Sadness turned to rage, a familiar, comforting feeling.
He knelt beside Liza, grabbed her shoulder-length hair and yanked it back. “You’re the last one. All the others are dead. They will never, ever, kill another patient. No one else will have to lose a mother, like Cate and I did.” He twisted her head toward him. “Do you hear me? I have saved the world from those incompetent nurses and doctors. Now, it’s your turn.”
Liza struggled against him. “Don’t kill my baby.”
He released her hair, as though her pregnancy made her toxic.
“You’re lying, bitch. There is no baby. But we shall soon see. Like the great anatomist before me, I will cut your womb and see for myself.”

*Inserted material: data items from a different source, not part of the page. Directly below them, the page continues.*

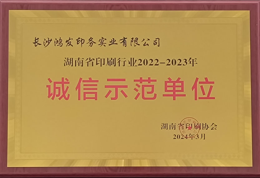 湖南省印刷行業(yè)2022-2023年誠信示范單位
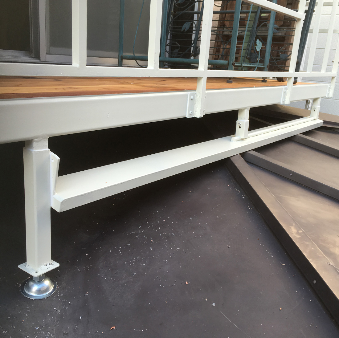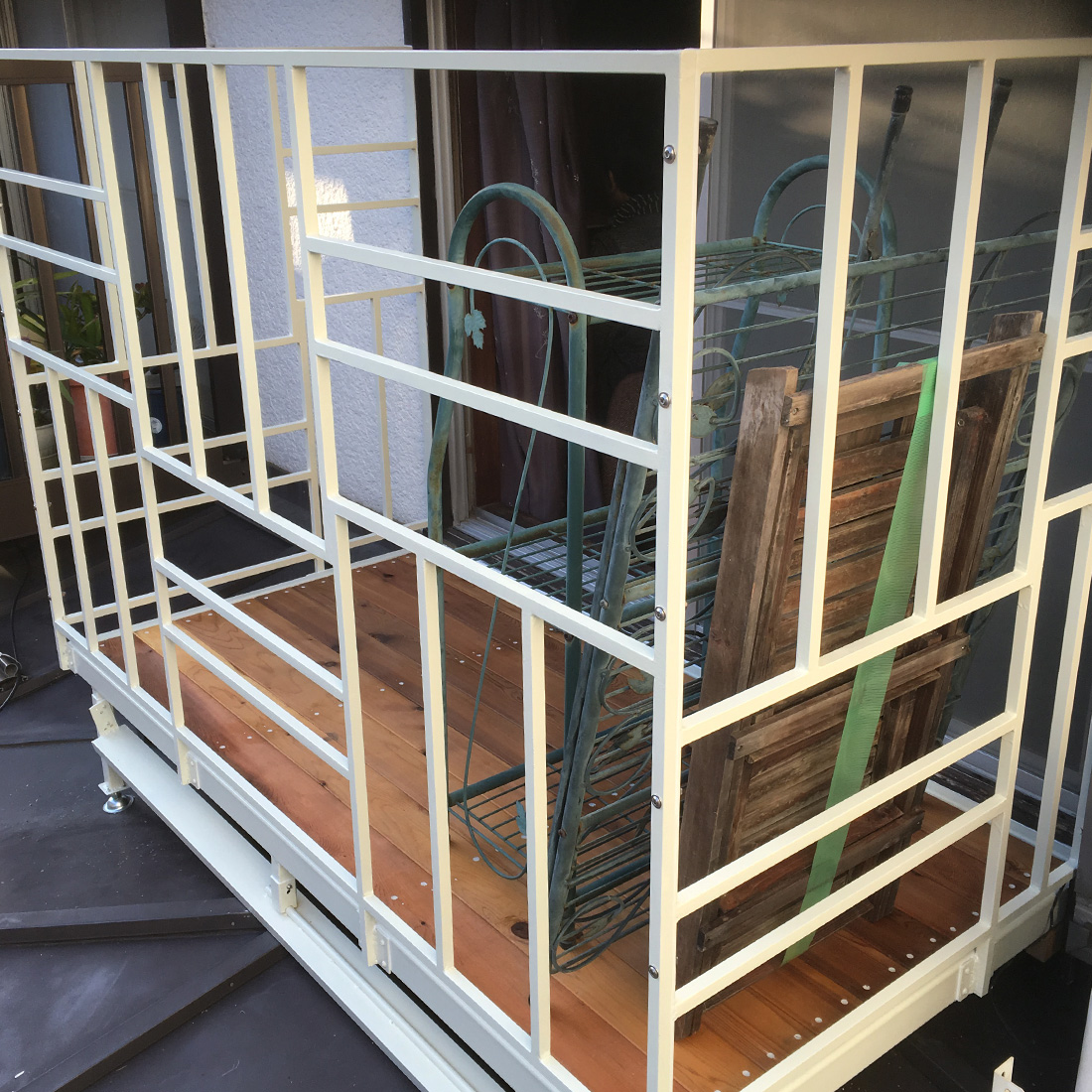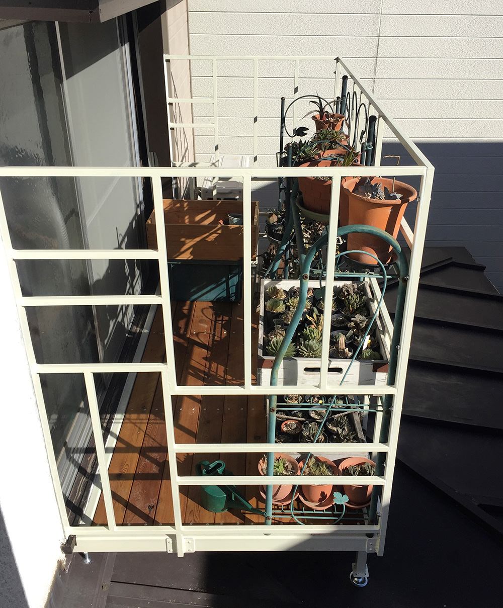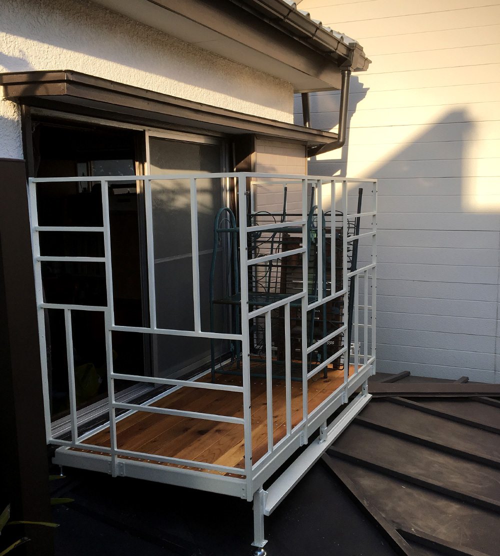 ご依頼を受けてバルコニーのデザイン、制作をいたしました。屋根の傾斜に合わせた脚部分が、屋根の水切りや板金の繋ぎと干渉しないように納めました。 鉢植えを置いて使われるとのことでしたので、依頼主様とご相談して少しクリーム色が入った白色に塗装いたしました。植物の緑がとても映えると思います。 柵部分の鋼材には16ミリの角鋼を、床面には湿気に強いシダー材を使いました。
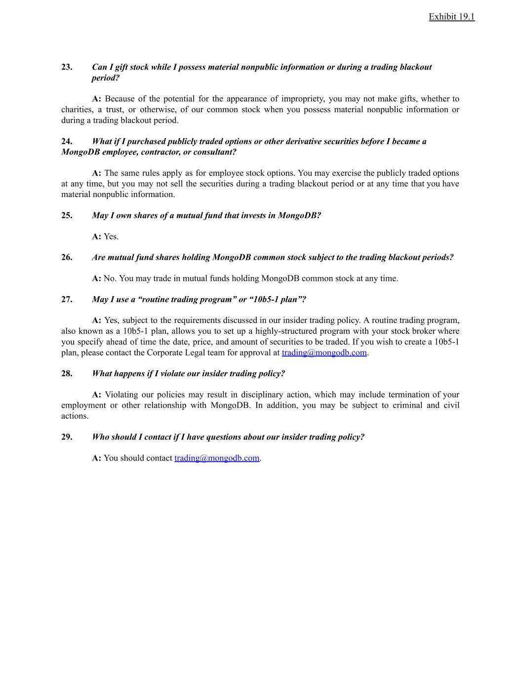Exhibit 19.1 23. Can I gift stock while I possess material nonpublic information or during a trading blackout period? A: Because of the potential for the appearance of impropriety, you may not make gifts, whether to charities, a trust, or otherwise, of our common stock when you possess material nonpublic information or during a trading blackout period. 24. What if I purchased publicly traded options or other derivative securities before I became a MongoDB employee, contractor, or consultant? A: The same rules apply as for employee stock options. You may exercise the publicly traded options at any time, but you may not sell the securities during a trading blackout period or at any time that you have material nonpublic information. 25. May I own shares of a mutual fund that invests in MongoDB? A: Yes. 26. Are mutual fund shares holding MongoDB common stock subject to the trading blackout periods? A: No. You may trade in mutual funds holding MongoDB common stock at any time. 27. May I use a “routine trading program” or “10b5-1 plan”? A: Yes, subject to the requirements discussed in our insider trading policy. A routine trading program, also known as a 10b5-1 plan, allows you to set up a highly-structured program with your stock broker where you specify ahead of time the date, price, and amount of securities to be traded. If you wish to create a 10b5-1 plan, please contact the Corporate Legal team for approval at trading@mongodb.com. 28. What happens if I violate our insider trading policy? A: Violating our policies may result in disciplinary action, which may include termination of your employment or other relationship with MongoDB. In addition, you may be subject to criminal and civil actions. 29. Who should I contact if I have questions about our insider trading policy? A: You should contact trading@mongodb.com.

He gently rocked Liza’s head back to show her the colonnaded stage and the men who waited.
“That’s
where you die.”
CHAPTER SEVENTY
The call came through on Lipsky’s radio. He had notified the entire Memphis police force to be on the lookout for a black Trans Am. It didn’t take long. A car fitting that description was seen heading south on Dudley Street at a high rate of speed. Problem was the officer who spotted the car was unable to keep up.

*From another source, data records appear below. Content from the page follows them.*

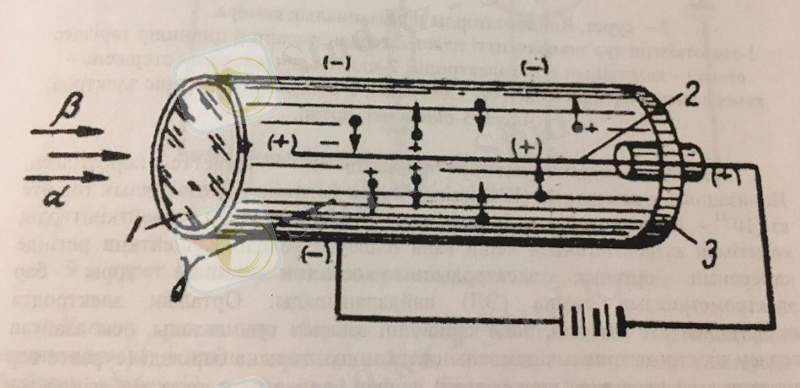 Егер камераға радиоактивтілік кҿзін жақындатса, онда одан бөлінген сәуле, яғни детектордың камерасына кірген зарядталған альфа- жҽне бета- бөлшектер оның ішіндегі газ ортасында тікелей бірінші реттік иондау түзеді; гамма кванттары детектордың қабырғасында алдымен жылдам электрондар (фотоэлектрондар, комптонэлектрондары электрон позитрон жұптарын) түзеді де, сонан соң олар детектордағы газ ортасының иондалуын туындатады.
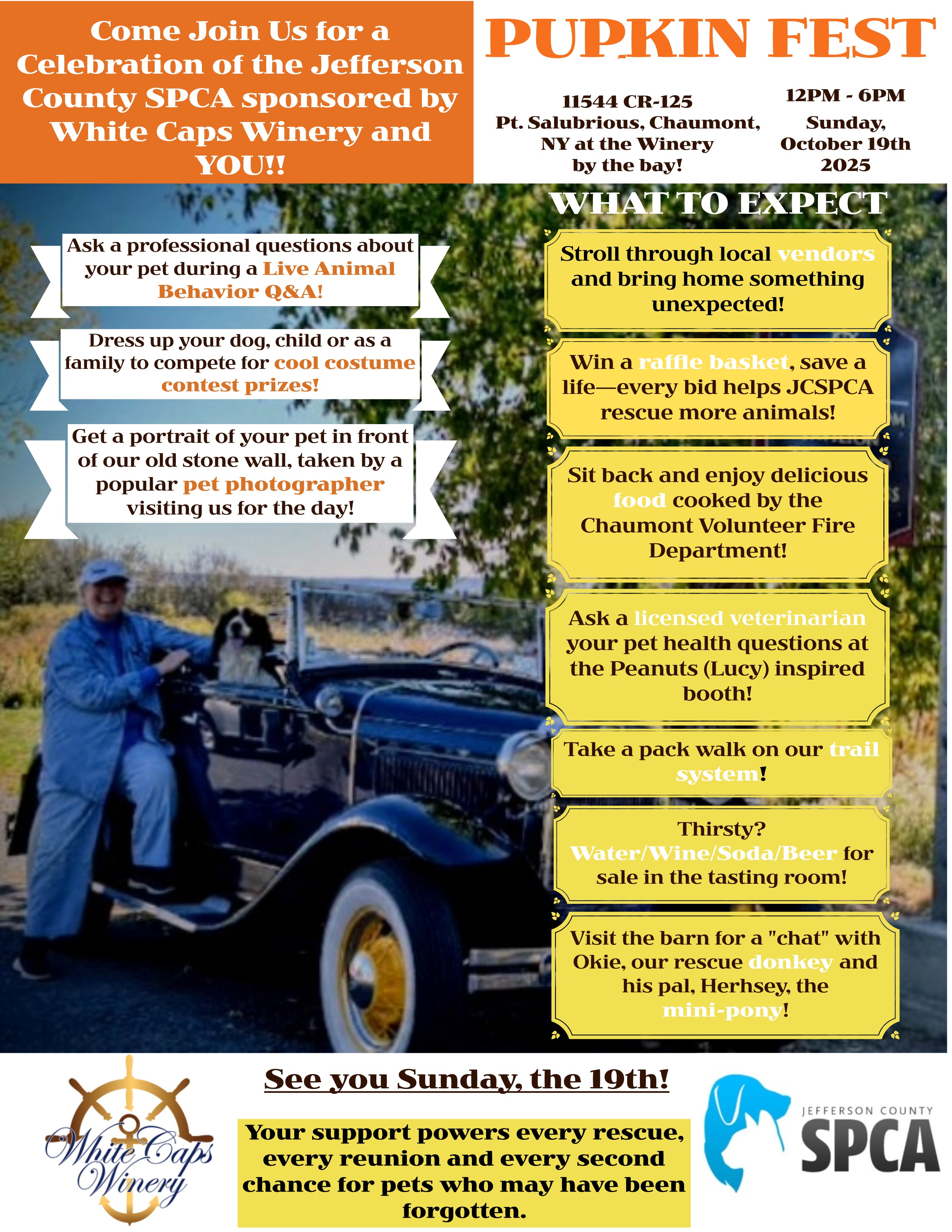 Come join us for a celebration of the Jefferson County SPCA sponsored by White Caps winery and you!.
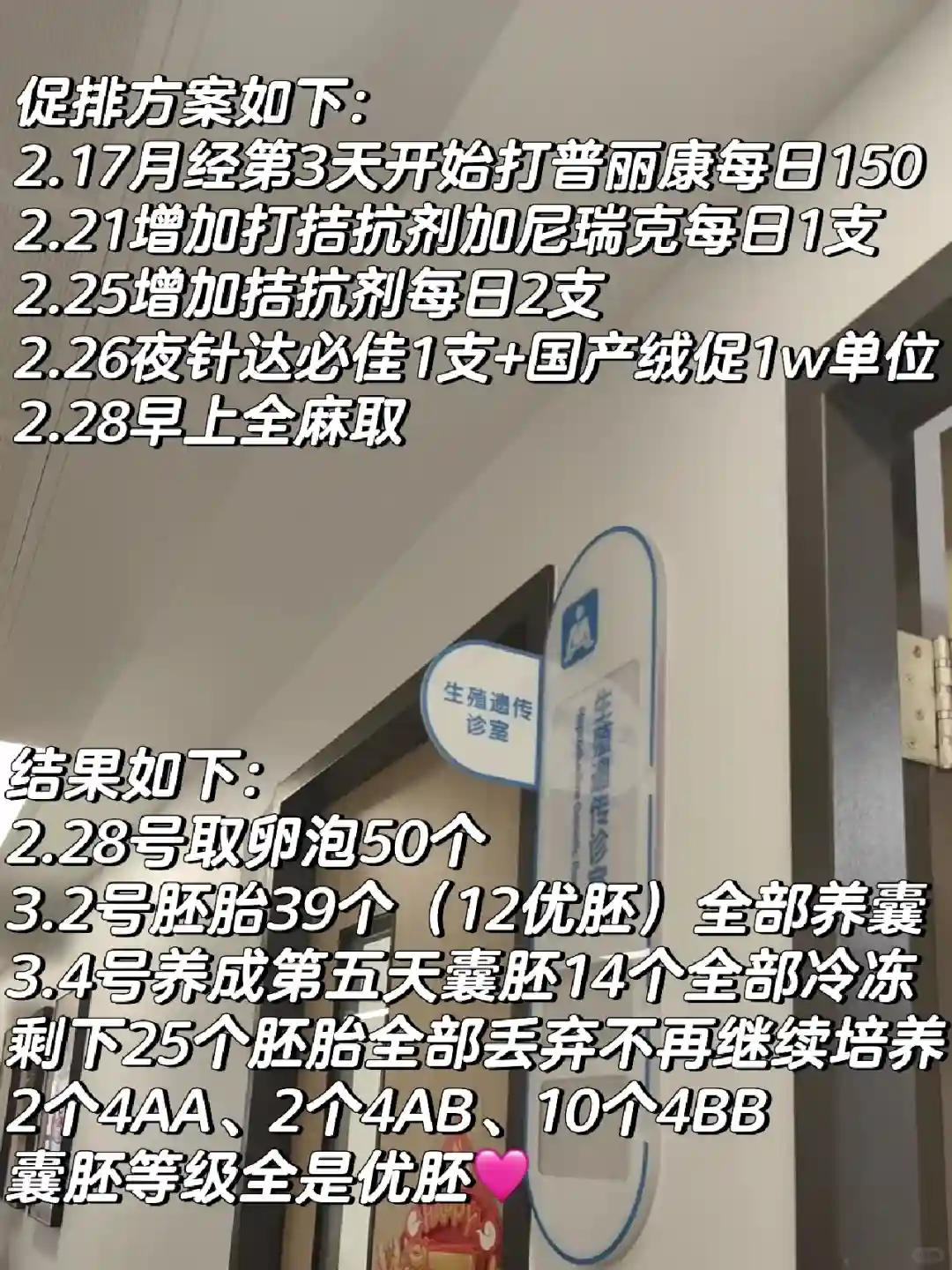 直到3.6号打电话查了14个囊胚的等级后才安心全是优胚,2个4AA,2个4AB,10个4BB1月初刚开始去到医院检查,2月过完年开始促排取卵,3月初就冷冻好了速战速决从第一次到医院输卵管检查到冷冻完全程花费2.1万我都有详细记录📝
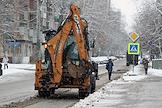 Жанровая фотография. Снегопад в городе. Трактор с ковшом коммунальных служб города во время уборки снега.
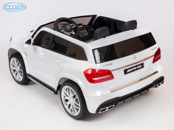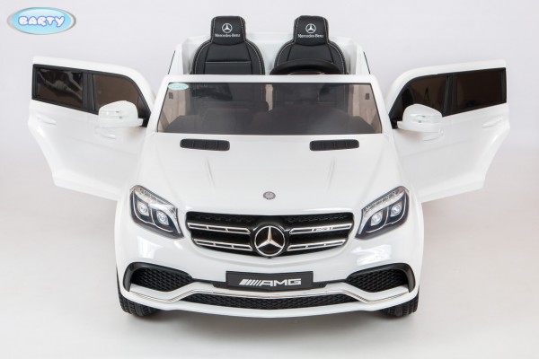 Электромобиль BARTY Mercedes-Benz AMG GLS63 HL228 (Барти мерседес бенз амджи) - двухместный стильный автомобиль на электроприводе для ребенка от года до 8 лет. Реалистичная копия взрослой машины несомненно понравится маленькому водителю. Просторные кожаные сидения и ремни безопасности обеспечат безопасную поездку для одного или двух детей. В машине открывается капот, двери и багажник. Для реалистичности приборная панель подсвечивается, рульс сигналом, светодиодные фары, музыка. Машинка довольна мощная поэтому прекрасно будет ездить по любым дорогам. Упарвляется модель с родительского пульта или самостоятельно ебенком. Есть удобная ручка для переноса.

Lipsky responded to the call. “Where did they lose him?”
“Last seen at the corner of Dudley and Crump,” the dispatcher said.
Dudley and Crump. Eli knew this area well. South side of town. Warehouses. Somewhat deserted. Eli and Henry traveled south on Dudley Street once a year, in August, with a single peach-colored rose, their mother’s favorite.
Before Lipsky answered the police dispatch, Eli stopped him. “I know where he’s going.”
CHAPTER SEVENTY-ONE
Liza began to fight him, her fingernails scrapping five lines of flesh from the side of his neck. The Organist hit her hard in the face and she fell against the concrete platform. From his pocket he removed the syringe of drugs Cate had stolen from her clinic. He stabbed it into Liza’s thigh and depressed the plunger, delivering the full load of strong sedative. She continued to kick at him for a couple of minutes. He held her down until the horse-dose of medicine kicked in, and she became flaccid and unconscious.
The Organist had told the men from Cate’s clinic they were getting paid to be in a movie scene. So-called extras. He needed them for thirty minutes, no longer. He would then give each of them cash and enough liquor for a week—or at least a night. He had given Foster a cell phone so he could communicate with the men before he arrived. Foster answered after the first ring.
“Tell them to stand by the columns and keep their places.”
A full moon reflected off the Corinthian columns and white cement steps. It cast a pleasant light. Even so, the Organist had given Joey the Flicker a two-million-candle-watt lamp, which sat at the edge of the platform and lit the place like a real movie set.